Exercise: Restate the lines word for word, from the first line of the records through the line containing "Elementos de la". Leave out the pictures and anything after that line.

————

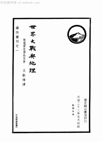 | 网盘路径:/时光图书馆珍藏系列/书籍文件/老图书/《世界大战与地理》电子版合集.db | ||
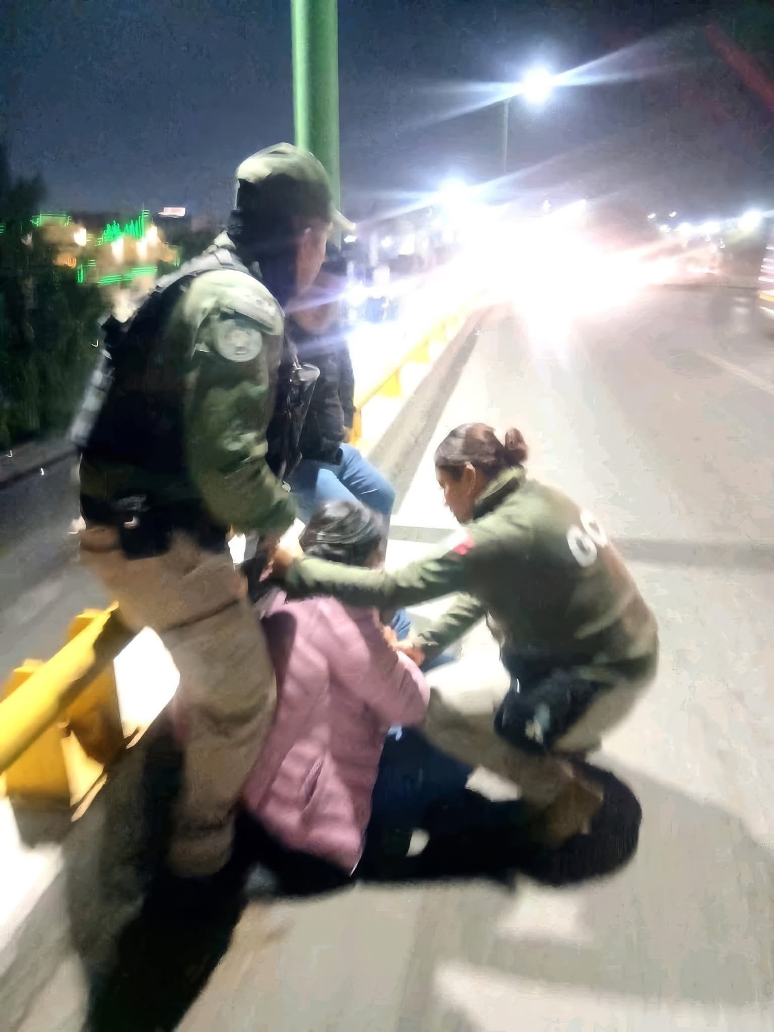 Elementos de la Guardia Civil Municipal de Soledad lograron rescatar a una mujer que intentaba arrojarse del puente ubicado en carretera a Matehuala y puente Valentín Amador.
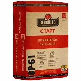 Читать все статьиШтукатурка гипсовая GERKULES СТАРТ GP-61 30кг
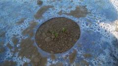 種まきして2日目、さすがにまだ芽はでていないだろうと思いましたが、ようく見ると、沢山のマルチ(穴の開いたビニールシート)の5つぐらいの穴に
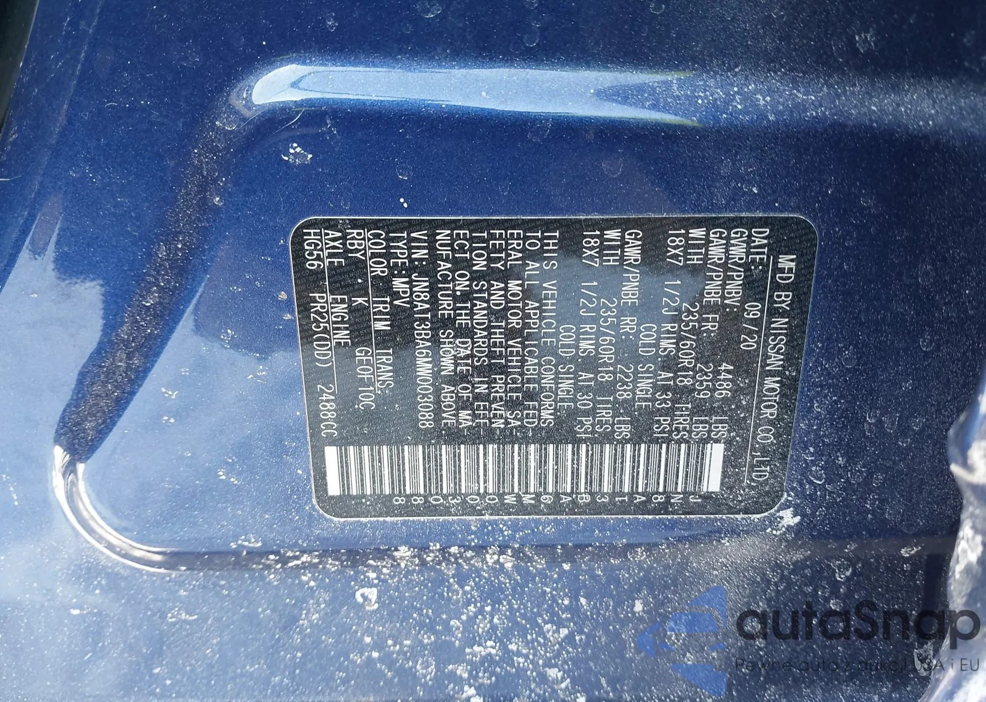 LOT: 44310219 VIN: JN8AT3BA6MW003088
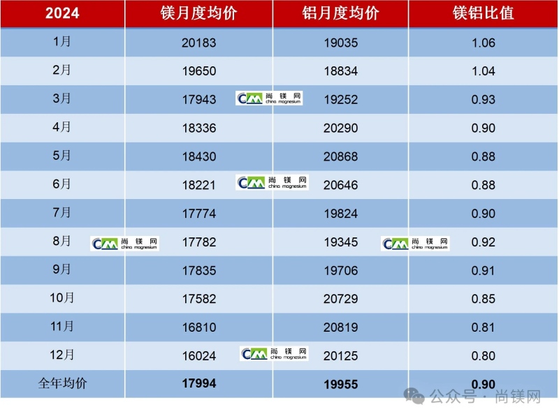 可以說,目前鎂價已經(jīng)超跌,鎂鋁比值已經(jīng)低于公認(rèn)的合理區(qū)間,鎂冶煉廠普遍處于虧損狀態(tài)。但是另一方面,鎂鋁比值的回歸,鎂的性價比再度凸顯,是有利于鎂合金應(yīng)用的重要信號。2025年,預(yù)計鎂鋁比值仍然會保持在合理區(qū)間,相關(guān)產(chǎn)業(yè)鏈人士應(yīng)該重新樹立鎂市場穩(wěn)定供應(yīng)的信心。 2024年中國鎂錠與鋁錠月度平均價及鋁鎂比值(元/噸)
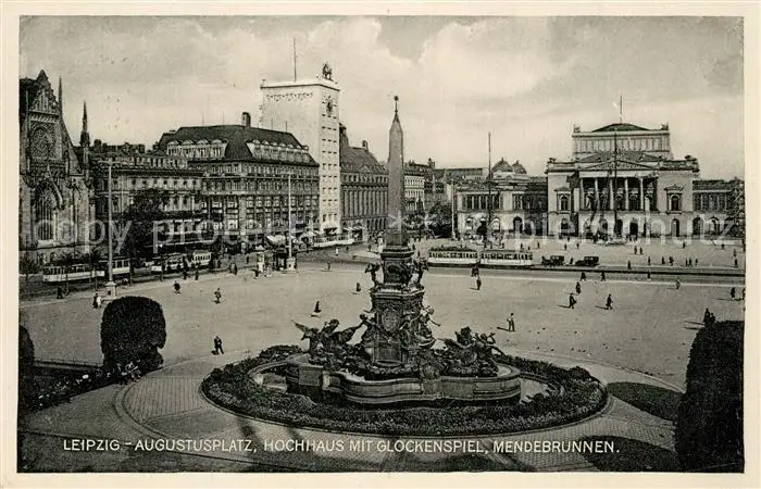 Leipzig Augustusplatz Hochhaus Glockenspiel Mendebrunnen Leipzig postalisch gelaufen 1933 Erhaltung siehe scans [WerneD78] WernPID7

————

Solution below:
 | 网盘路径:/时光图书馆珍藏系列/书籍文件/老图书/《世界大战与地理》电子版合集.db | ||
 Elementos de la Guardia Civil Municipal de Soledad lograron rescatar a una mujer que intentaba arrojarse del puente ubicado en carretera a Matehuala y puente Valentín Amador.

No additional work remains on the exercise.